Philip Seymour Hoffman’s Friend: cries for blood

Robert Aaron Vineburg got off today. I’m usually pleased when this happens, and I’m pleased this time, although it’s never for the reason I want. They always get off because they can’t be gotten, not because anyone acknowledges the freedom of the junkie.

So often, when a celebrity dies, there’s this big howl for blood. Who did this?! Who can we make suffer for taking this person from us?

Courtney Love. Conrad Murray. Nancy Spungen. Cory Monteith’s/Heath Ledger’s dealers. Now Vineburg. There’s always this witch hunt.

All these celebrities were hardcore users, at least at some point in their lives, if not immediately before their deaths. But they’re pretty aware of how things go, and I can’t imagine anyone one of them blames their dealer/supplier/girlfriend for how things turned out.

The dealer is simply a role someone enters into, and it is in that capacity that they engage with the junkie. For the most part, I haven’t seen many too predatory or uncaring. If you want out, they’re usually supportive.

Even if you don’t, they’re just engaging in the market. It’s far too easy to heap the blame on them.

For some reason, we don’t apply this emotional reasoning to the cigarette or liquor vendor. We acknowledge that they are simply playing a part. Nothing personal.

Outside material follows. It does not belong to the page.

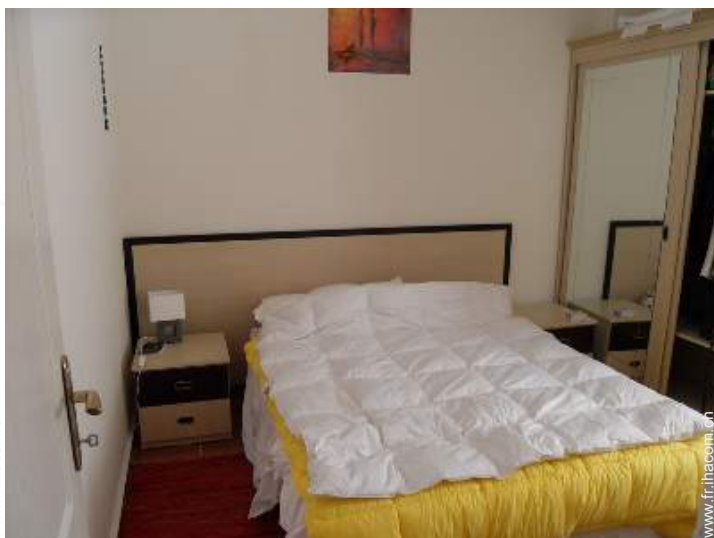
Confort intérieur et équipements

I haven’t overdosed, but I’m certainly a junkie, and there’s a distinct causal element there. The guy that introduced me, my sire, so to speak. But I see him as the inevitability, or at least the mercurial actor, that he was. I’m sure some people might resent him – probably more when I was cute, and young, and blond – but I don’t. And I would appreciate the respect  for my autonomy to view him how I view him.

And I think the ghosts of these celebrities would want the same. Acting as though their dealers are the sole reason they are dead is an affront to them. We should give them their due.